(THE DATA begins)

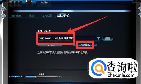 最后一步就是对【默认格式】的设置了,设置为【24位,96000HZ(专业录音室音质)】,点击【DVD格式】,这样对Realtek高清晰音频管理器的设置就完成啦,你可以去试试听一下,看看是不是更震撼了呢。
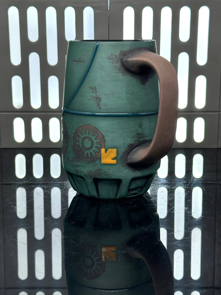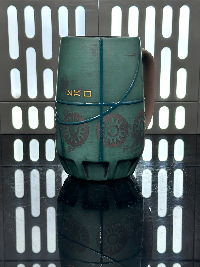 Enjoy your favorite beer in this stein inspired by the Star Wars character Saw Gerrera. The Aurebesh text reads Saw and has Saw's Militia signet by the handle.
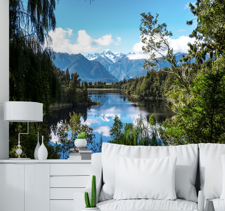 Descubra uma verdadeira obra-prima em decoração com nosso papel de parede que evoca a serenidade de um lago cercado por majestosas montanhas. A natureza se transforma em arte através de uma fotografia impressionante que captura um rio fluindo suavemente entre as florestas e um céu radiante. Cada detalhe deste design foi cuidadosamente elaborado para trazer a beleza do mundo exterior para dentro da sua casa!

(THE DATA ends)

• **WHAT THE EXERCISE ASKS**
I would like the lines from the one with "Enjoy your favorite" through the last line of the data above retyped exactly, with pictures left out, please.

• **SOLUTION TO THE PROBLEM**
 Enjoy your favorite beer in this stein inspired by the Star Wars character Saw Gerrera. The Aurebesh text reads Saw and has Saw's Militia signet by the handle.
 Descubra uma verdadeira obra-prima em decoração com nosso papel de parede que evoca a serenidade de um lago cercado por majestosas montanhas. A natureza se transforma em arte através de uma fotografia impressionante que captura um rio fluindo suavemente entre as florestas e um céu radiante. Cada detalhe deste design foi cuidadosamente elaborado para trazer a beleza do mundo exterior para dentro da sua casa!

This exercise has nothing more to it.